Government support so far
for agri HHs has been mainly through the PM-KISAN scheme, exemption from
lockdown and ensuring availability of inputs. Number of beneficiaries
who received at least one installment so far under the PM-KISAN scheme
(benefits agri land-owners) is 10.2 crore, which is 21 per cent of agri
HHs and the amount involved covered 7 per cent of their average monthly
consumption expenditure in 2017. Government support for non-agri HHs has
been primarily through MGNREGA, which as mentioned earlier, covers only
a small portion of rural HHs and offers wages which are lower than
other typically available options.

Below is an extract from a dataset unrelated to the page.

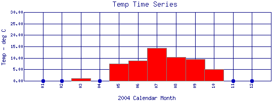 Water Temperature Time Series for 2004 North Boulder Creek at Boulder Falls |

Both type of HHs have benefited from
the Rs 500 per month cash transfer to 20.4 crore women and free rice,
wheat & pulses distribution scheme unveiled in March which covers
part of their food related expense.
A nuanced policy mix needed
While
current government support measures have helped, growth ahead for rural
India would broadly depend on the path of the virus (duration, breadth
and intensity), revival of urban India, consumer behaviour (changes in
spending and savings behaviour) and government policies. Apart from the
direct government response to contain the virus and relief measures, the
focus now also has to be on effective and efficient resource allocation
to provide optimal support in the deserving areas. However, skewed
focus on one area alone could cause economic imbalances through
over-allocation of resources. Enabling state governments could also be
beneficial to effectively implement policies and allocate resources,
given the high disparity in the rural economic structure. Particularly
in agri, structural issues have to addressed through consistent and
well-deliberated policies on procurement, stock management, offloading,
export & import, trader stock limits, etc. A pre-condition to
providing demand support in the current context would also be easing
some of the supply-side constraints.
However, the constraint is
the lack of fiscal space, an issue from pre-Covid days. Fiscal deficit
in FY20 was envisaged in February itself to exceed the FRBM target by
50bps on the back of lower revenue. It ended the year another 80bps
higher, also owing to the national lockdown starting last week of March.
As
agriculture has been doing well this year and has engaged additional
rural labour, the first step would be to ensure the Kharif and Rabi
seasons sail through smoothly. However, given the rural economy is much
bigger than agriculture and rural wages have been weak for quite some
time, optimism on agriculture need not translate into rural
outperformance, particularly if non-agri rural and urban segments stay
weak. Further, Covid-19 is now spreading to more-rural states when
almost all need to stick to higher testing to get their positivity rates
sustainably lower.
The fundamental structure of the rural
economy suggests income, consumption, savings, investments and debt
levels vary not just across agri and non-agri HHs in rural India, but
also considerably across states. It points to the high dependence on
wage income by both agri and non-agri HHs while MGNREGA employment and
wages are low. All this calls for a nuanced approach to policy making.
While the existing government support programs have been useful, growth
ahead would also depend on the path of the virus, revival of urban
India, consumer behaviour and growth-enhancing government policies. Agri
policies should focus on the resolution of some of the structural
issues. Easing some of the supply-side constraints is necessary too in
the current context but the constraint now is the lack of fiscal space.